Prompt
From the first line of the entries down to the line with "Die Beeteinfassung oder", write out every line exactly; that last line counts, but pictures do not.

Records supplied
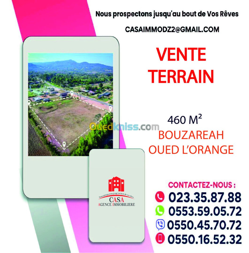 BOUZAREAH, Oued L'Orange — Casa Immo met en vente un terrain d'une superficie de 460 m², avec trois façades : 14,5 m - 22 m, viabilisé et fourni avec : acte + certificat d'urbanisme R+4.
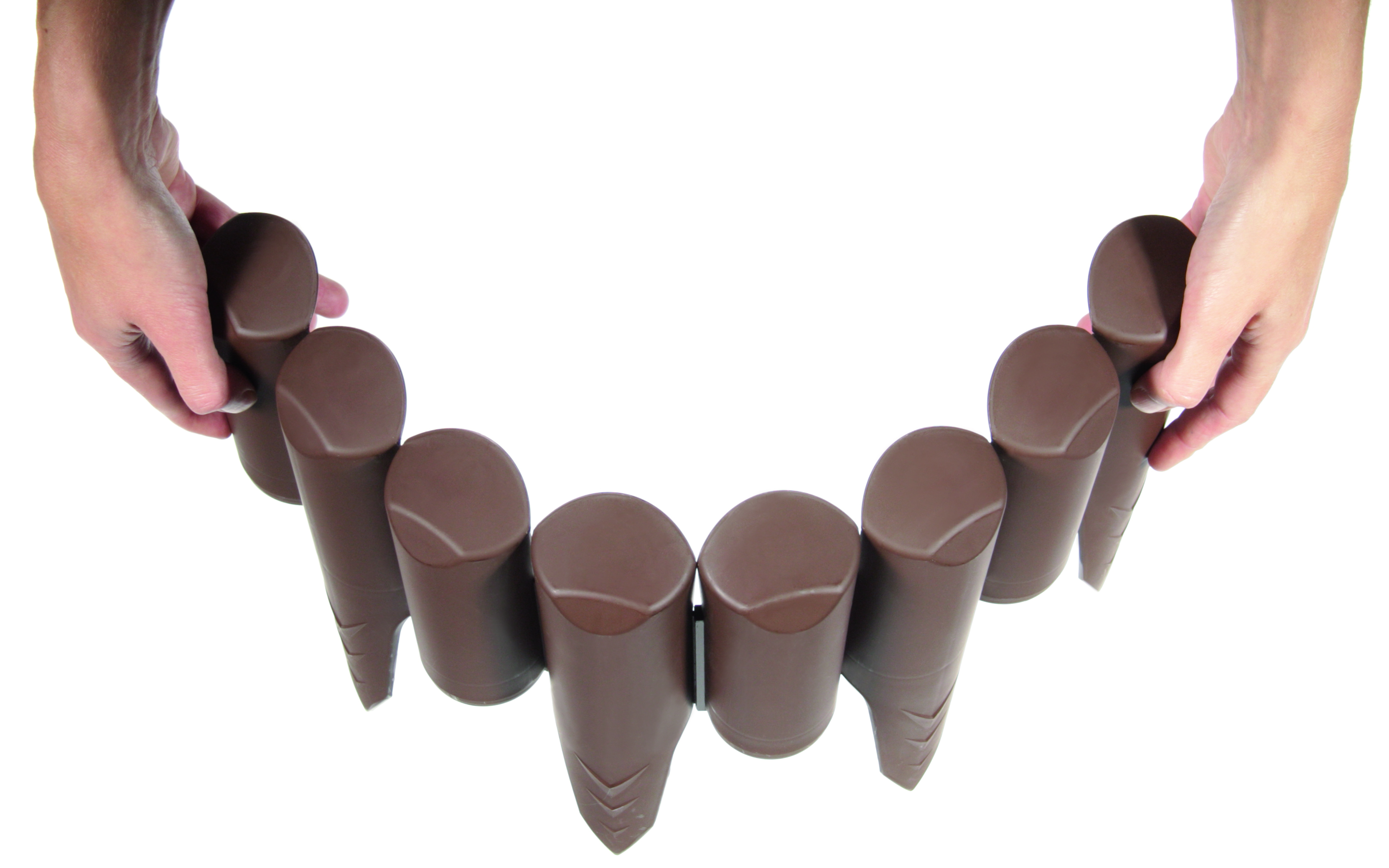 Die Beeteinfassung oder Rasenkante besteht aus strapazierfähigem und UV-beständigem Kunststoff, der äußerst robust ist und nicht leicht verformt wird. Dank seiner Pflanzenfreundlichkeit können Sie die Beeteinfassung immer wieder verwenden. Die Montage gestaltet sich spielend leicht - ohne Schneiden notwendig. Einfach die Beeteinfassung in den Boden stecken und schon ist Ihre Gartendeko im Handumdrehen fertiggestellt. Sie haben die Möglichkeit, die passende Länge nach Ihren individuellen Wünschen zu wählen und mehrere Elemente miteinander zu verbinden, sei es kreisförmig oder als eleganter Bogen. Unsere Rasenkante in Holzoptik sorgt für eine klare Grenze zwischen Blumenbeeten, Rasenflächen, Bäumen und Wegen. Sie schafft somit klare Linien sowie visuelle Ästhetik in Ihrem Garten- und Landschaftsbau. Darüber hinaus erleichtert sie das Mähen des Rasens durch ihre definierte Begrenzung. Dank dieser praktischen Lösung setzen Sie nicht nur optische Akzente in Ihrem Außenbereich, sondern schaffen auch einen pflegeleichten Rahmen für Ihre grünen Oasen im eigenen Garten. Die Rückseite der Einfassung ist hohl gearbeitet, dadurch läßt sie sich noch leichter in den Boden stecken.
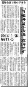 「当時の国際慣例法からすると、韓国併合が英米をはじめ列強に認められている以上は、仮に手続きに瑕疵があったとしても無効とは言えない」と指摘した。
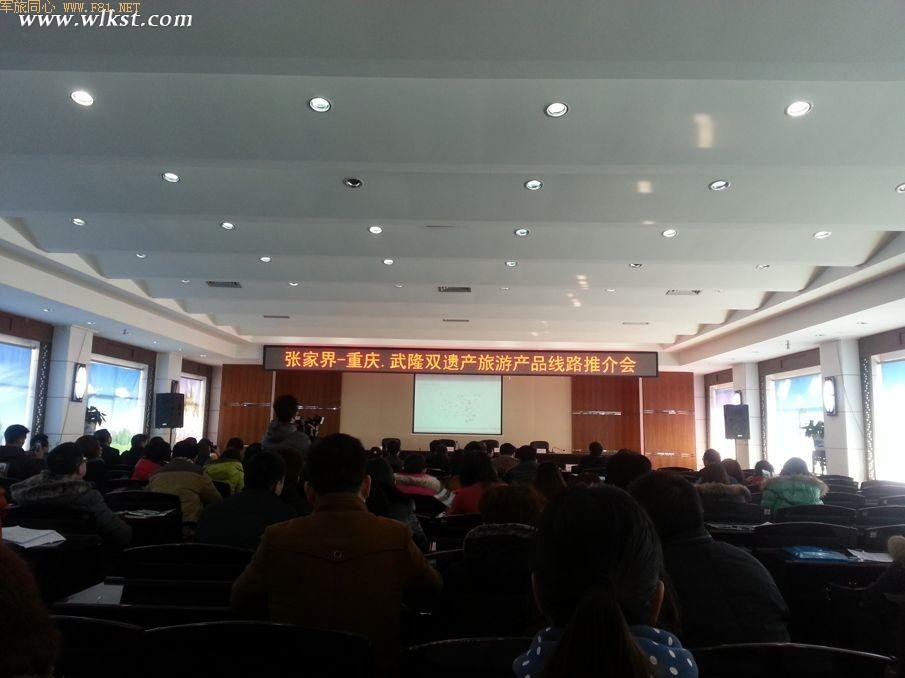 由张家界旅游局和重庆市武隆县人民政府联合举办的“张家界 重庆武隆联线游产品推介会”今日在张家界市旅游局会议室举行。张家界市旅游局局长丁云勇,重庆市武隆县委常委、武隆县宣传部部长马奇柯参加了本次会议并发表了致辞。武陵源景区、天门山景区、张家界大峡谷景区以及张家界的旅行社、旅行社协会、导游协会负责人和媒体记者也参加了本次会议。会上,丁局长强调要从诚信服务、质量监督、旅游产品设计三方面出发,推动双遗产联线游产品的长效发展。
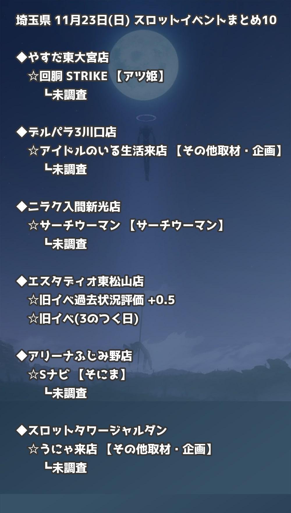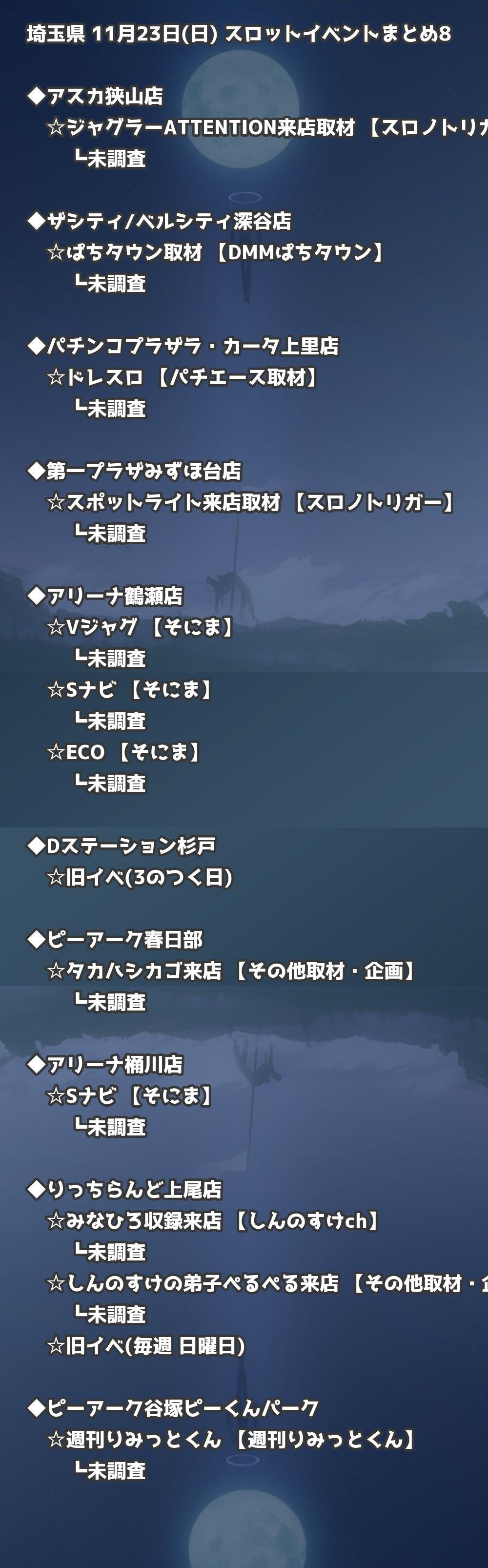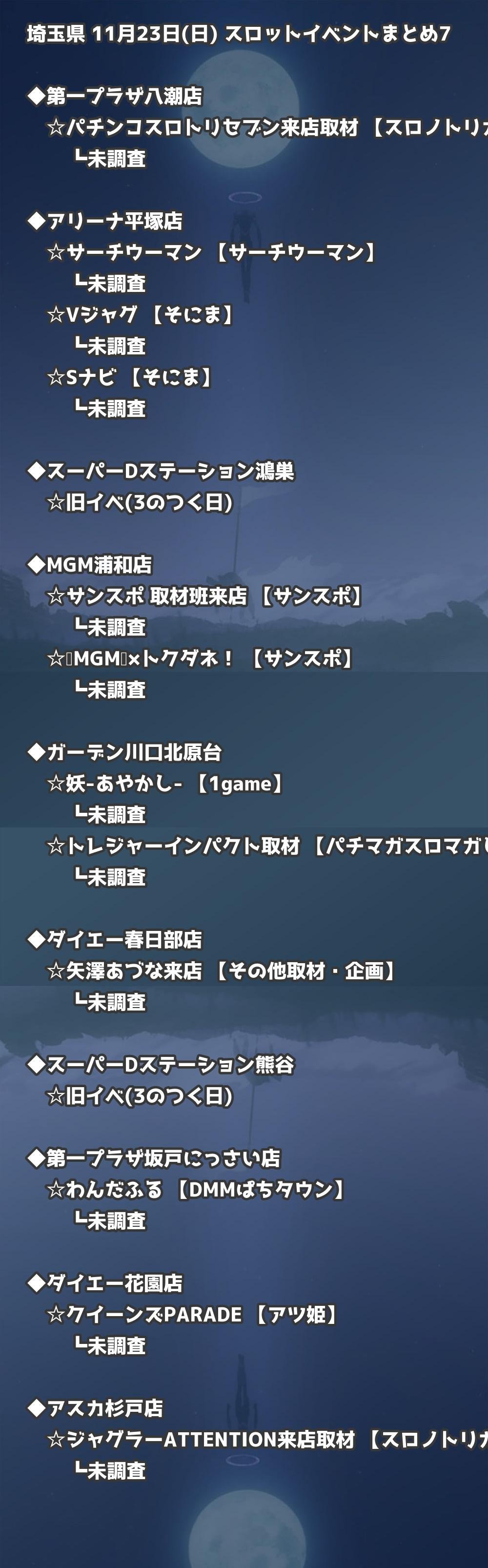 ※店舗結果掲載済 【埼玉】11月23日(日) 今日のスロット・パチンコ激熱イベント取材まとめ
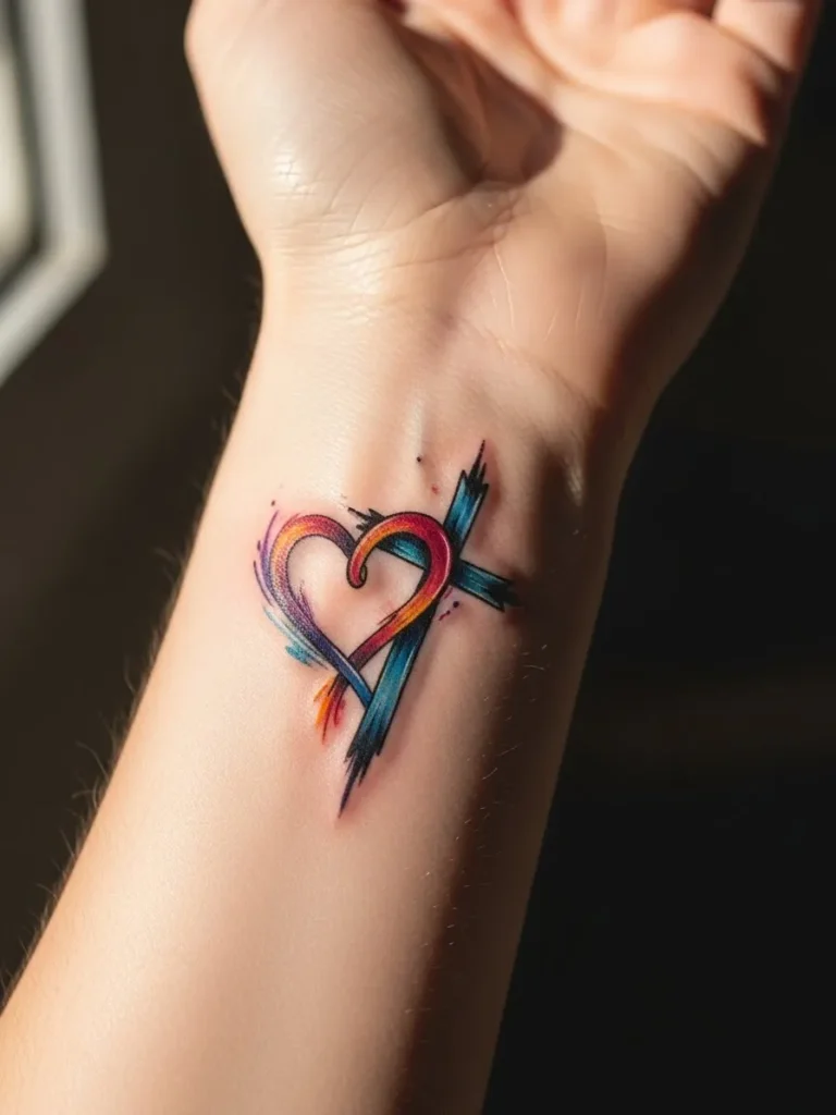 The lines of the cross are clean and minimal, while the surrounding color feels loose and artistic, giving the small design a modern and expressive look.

Finished exercise
 BOUZAREAH, Oued L'Orange — Casa Immo met en vente un terrain d'une superficie de 460 m², avec trois façades : 14,5 m - 22 m, viabilisé et fourni avec : acte + certificat d'urbanisme R+4.
 Die Beeteinfassung oder Rasenkante besteht aus strapazierfähigem und UV-beständigem Kunststoff, der äußerst robust ist und nicht leicht verformt wird. Dank seiner Pflanzenfreundlichkeit können Sie die Beeteinfassung immer wieder verwenden. Die Montage gestaltet sich spielend leicht - ohne Schneiden notwendig. Einfach die Beeteinfassung in den Boden stecken und schon ist Ihre Gartendeko im Handumdrehen fertiggestellt. Sie haben die Möglichkeit, die passende Länge nach Ihren individuellen Wünschen zu wählen und mehrere Elemente miteinander zu verbinden, sei es kreisförmig oder als eleganter Bogen. Unsere Rasenkante in Holzoptik sorgt für eine klare Grenze zwischen Blumenbeeten, Rasenflächen, Bäumen und Wegen. Sie schafft somit klare Linien sowie visuelle Ästhetik in Ihrem Garten- und Landschaftsbau. Darüber hinaus erleichtert sie das Mähen des Rasens durch ihre definierte Begrenzung. Dank dieser praktischen Lösung setzen Sie nicht nur optische Akzente in Ihrem Außenbereich, sondern schaffen auch einen pflegeleichten Rahmen für Ihre grünen Oasen im eigenen Garten. Die Rückseite der Einfassung ist hohl gearbeitet, dadurch läßt sie sich noch leichter in den Boden stecken.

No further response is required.